Pero no se nos puede olvidar que su función real es… vender. Se supone que nosotros no lo vamos a ver —ni a saber- pero hay que convencer a las cadenas pequeñajas americanas de que compren LA serie para emitirla a esa hora. En España resulta casi imposible de entender el asunto pero en eralidad no es tan complicado. En USA existen multitud de pequeñas emisoras, muchas para una misma localidad, que se dividen entre las que están asociadas a una cadena —y, por tanto, van a emitr con bastante probabilidad cualquier morr… serie que tengan— y las libres, que van picoteando de uno y otro lado. Obviamente a esas hay que convencerla de que VillaLobos es mejor que Médicos con Problemas o Triple Agente Doble . Que se gasten la pasta en lo tuyo. Y para eso hay que enseñarles la serie —el Piloto— y fingir que haces caso a sus sugerencias:

- No está mal pero la chica devería ir vestida hasta el cuello y el policía tener mayor autoridad.

- Me aprece una buena apuesta aunque el abanico étnico está poco desarrollado y.. ¿nadie hace Surf en esa serie?

Sí, amigos, vender a la vez para el centro de USA y su costa a la vez es fuente de muchas diversiones. ¡Menos mal que los Amish no tienen canales de televisión!

A vosotros os puede parecer una tontada pero ha habido series de esas que parecen que van a arrasar en premios y statu de culto que se quedan en nada por no encontrar un público objetivo , siendo un ejemplo reciente Pretty/Handomse.

Pero lo más habitual será, para no perder la serie, cuya compra ha sido aprobada por los responsables de turno y sus comites, y poder aplacarlos con algo en segunda ronda se vacía lo de dentro y se remodela del todo.

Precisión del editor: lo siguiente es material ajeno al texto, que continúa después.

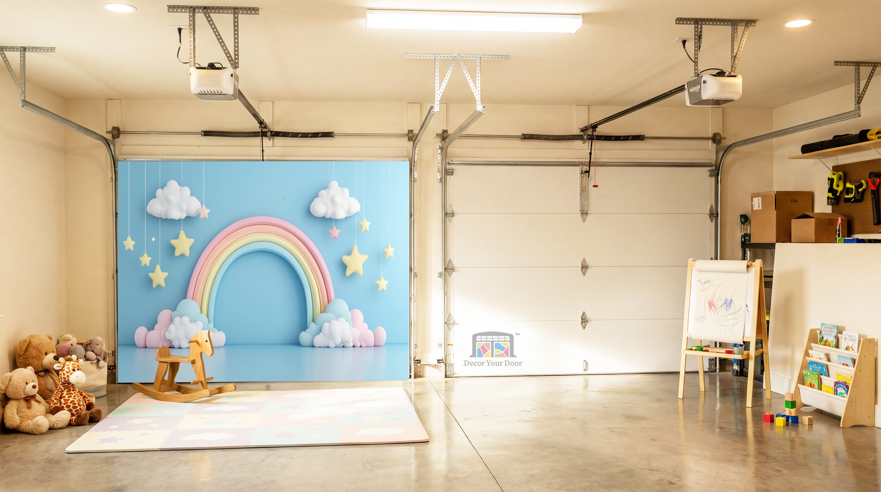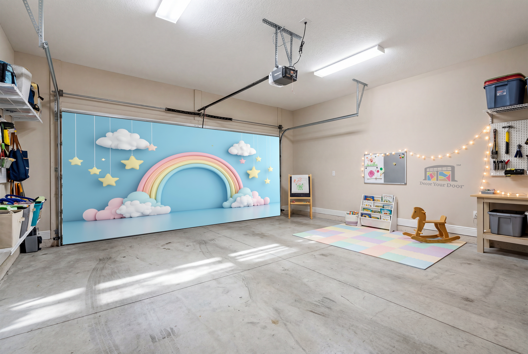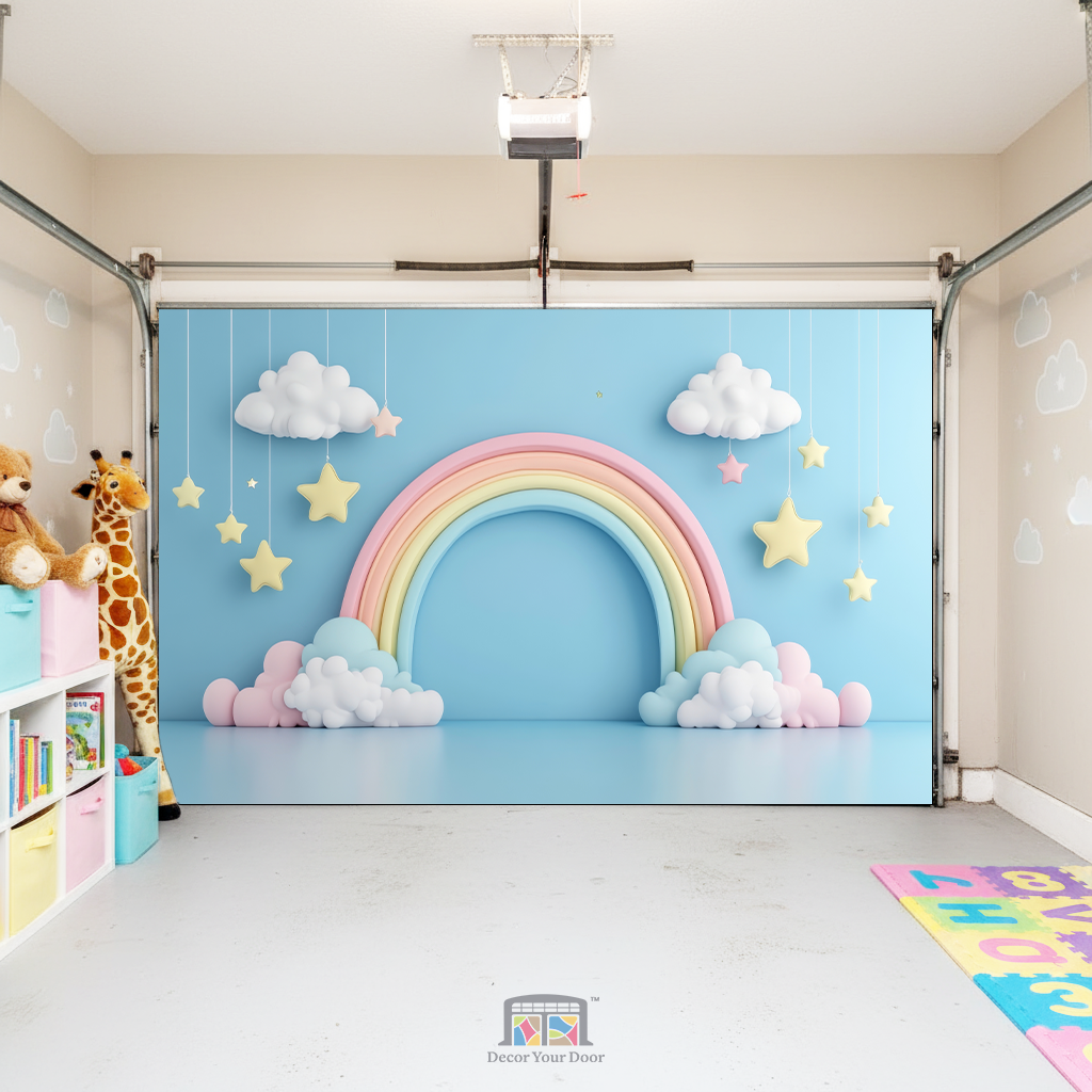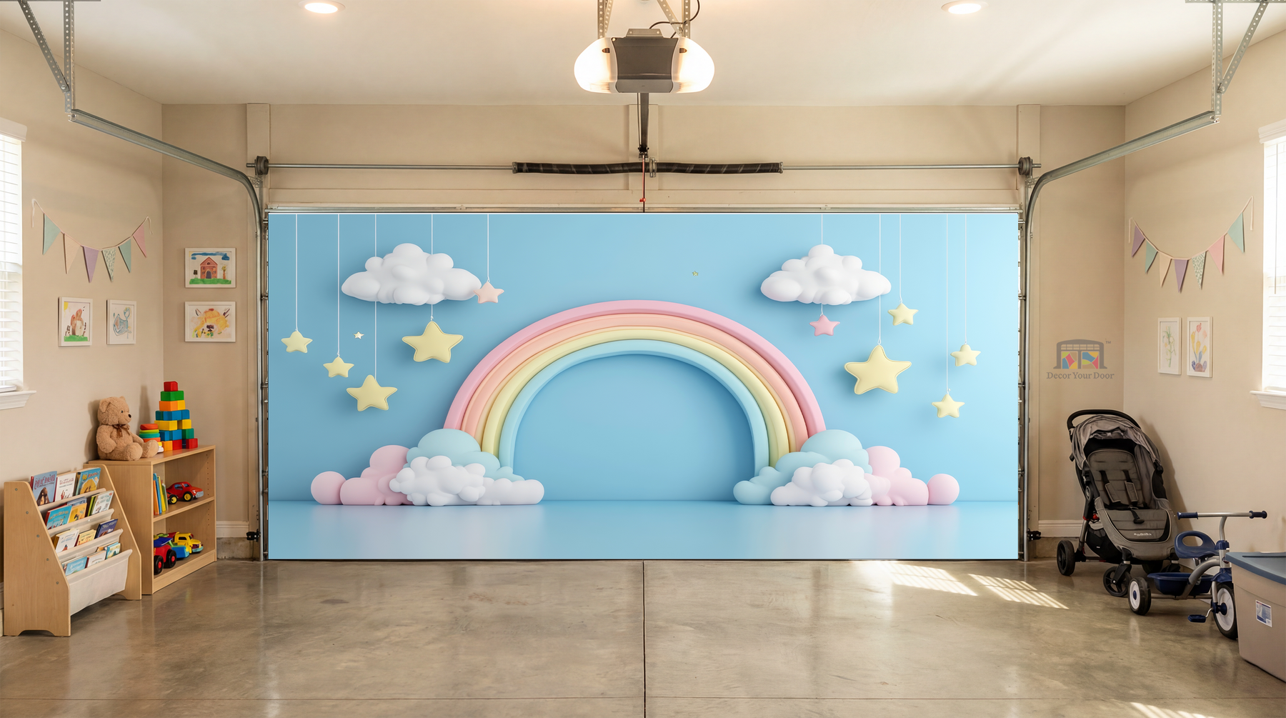 Create a soft, magical atmosphere with Pastel Rainbow Dream – Interior Garage Door Cover, designed by Decor Your Door. This calming nursery design features a gentle pastel rainbow resting on fluffy clouds, surrounded by hanging stars and dreamy sky elements that bring warmth and comfort to any child’s space.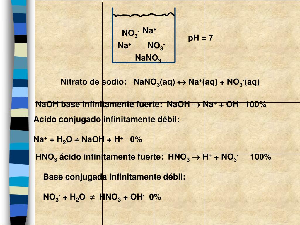 Na+ NO3- Na+ NO3- pH = 7 NaNO3 Nitrato de sodio: NaNO3(aq) Na+(aq) + NO3-(aq) NaOH base infinitamente fuerte: NaOH Na+ + OH- 100% Acido conjugado infinitamente débil: Na+ + H2O NaOH + H+ 0% HNO3 ácido infinitamente fuerte: HNO3 H+ + NO3- 100% Base conjugada infinitamente débil: NO3- + H2O HNO3 + OH- 0%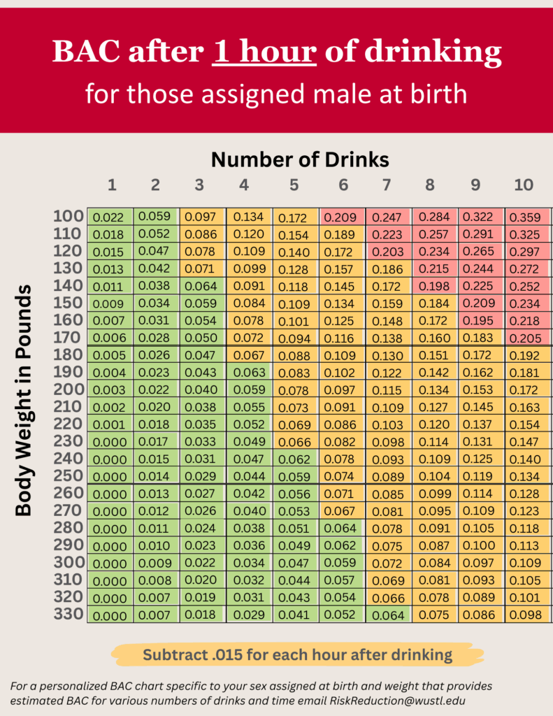 - Sex: Those assigned female at birth tend to have a higher BAC than those assigned male at birth, even if they drink the same amount of alcohol. Please note, assigned sex at birth is used only to help determine BAC and how alcohol may affect your body based on physiology. This may differ from your gender/gender expression. Unfortunately, there is not adequate research at this time to help us understand how taking hormones as part of a gender-affirming process may impact an individual’s experience of alcohol’s effects. For all individuals, we recommend speaking with your doctor for personalized information about the impact of substances on your body.
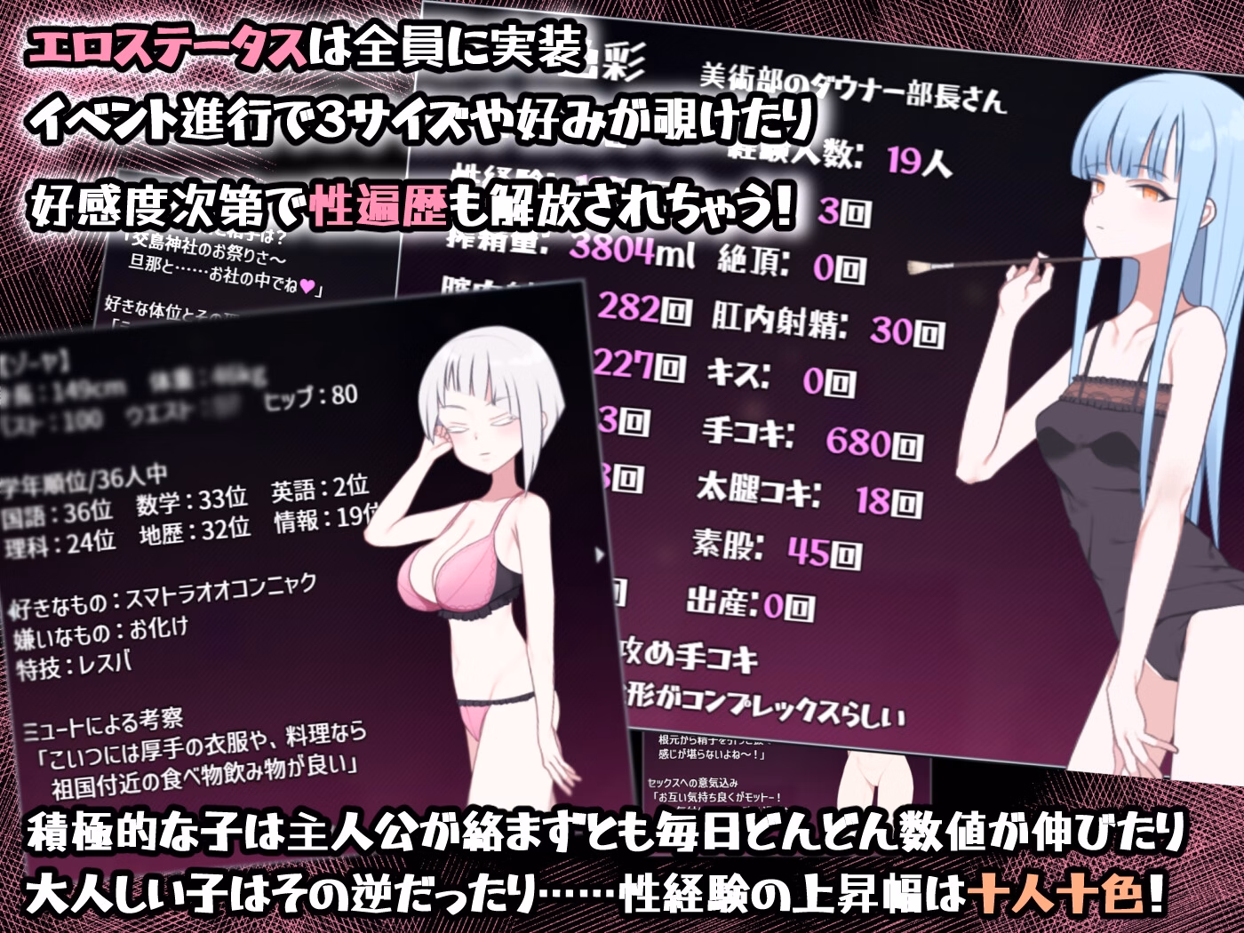 2D Game, 2DCG, Anal sex, Censored, Japanese Game, Groping, Group sex, Handjob, Harem, Male Protagonist, Milf, Multiple endings, Oral sex, Rape, Rpg, Sandbox, School setting, Vaginal sex,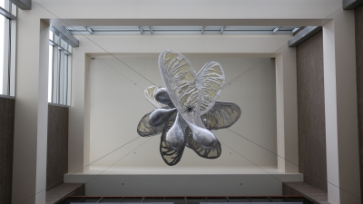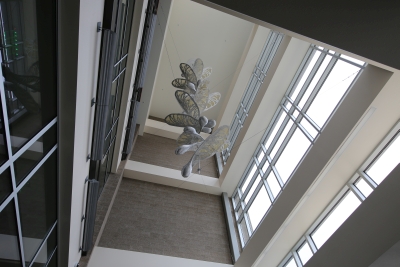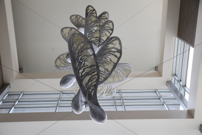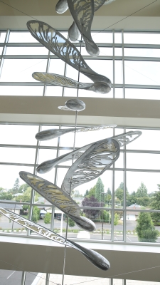 Samara is a suspended kinetic sculpture comprised of 16 aluminum maple seeds that rotate continually in a spiral formation. This pieces was created by artist team Kate Kaman and Joel Erland. Describing the inspiration for this piece, the collaborative artists note: "winged seed pods—known as whirligigs, helicopters, and other informal names—are called Samara by scientists. The maple seed represents the start of a new life. Much like flying whirligigs have the potential to grow into giant trees, each student at HeLa High School is full of great potential."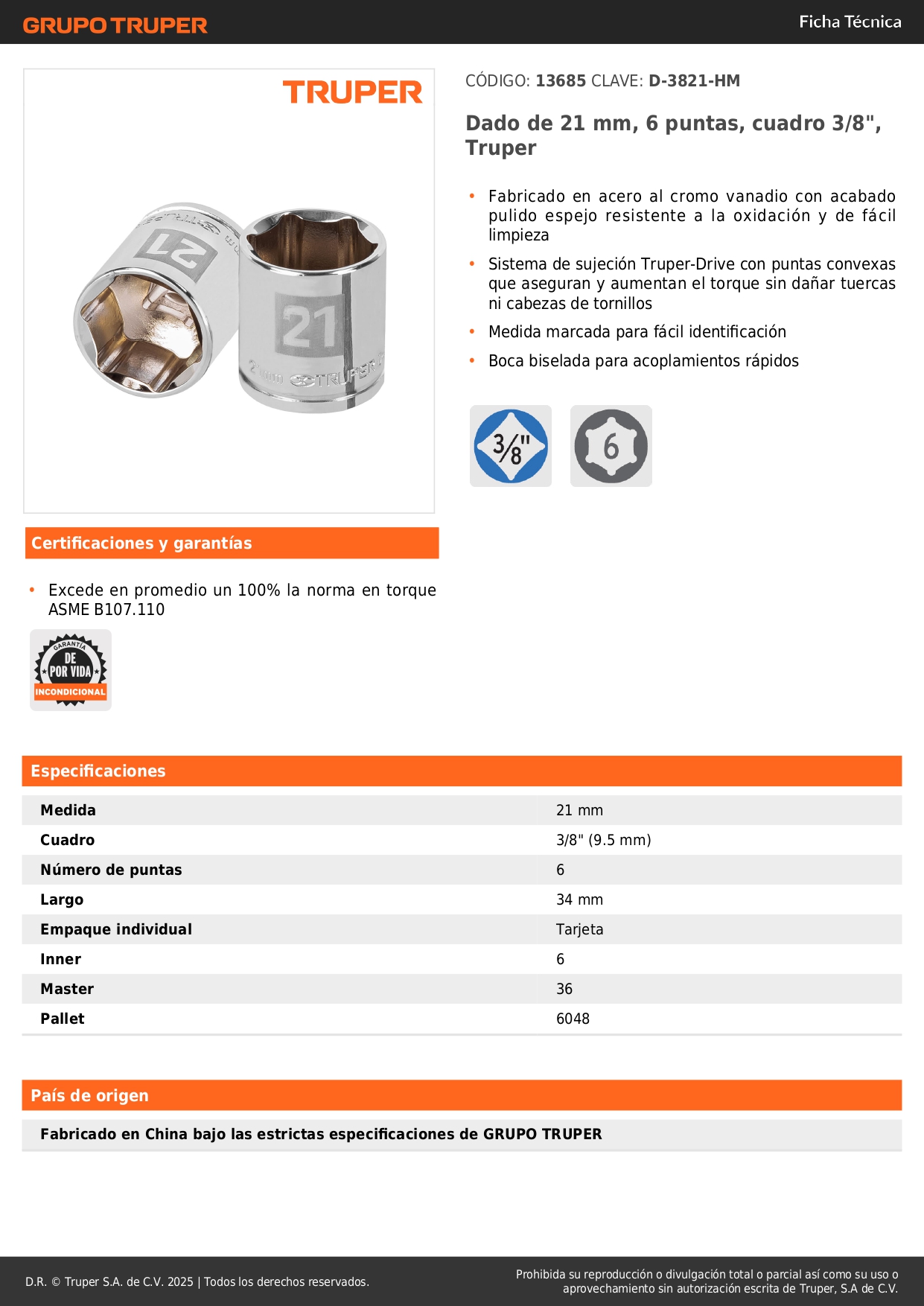 Dado hexagonal encastre 3/8'' de 21 mm. truper

Algo así como decidir que no quieres seguir con tu turno en la frutería y cambiarte con tu malvado hermano gemelo de una dimensión alternativa que sólo quiere comprar dos piñas. Y si cuela, cuela.

Así que al final la filosofía de mantener el nombre del río aunque los baños sean distintos, propia de Heráclito, se impone. Y por eso mismo Edgar Floats.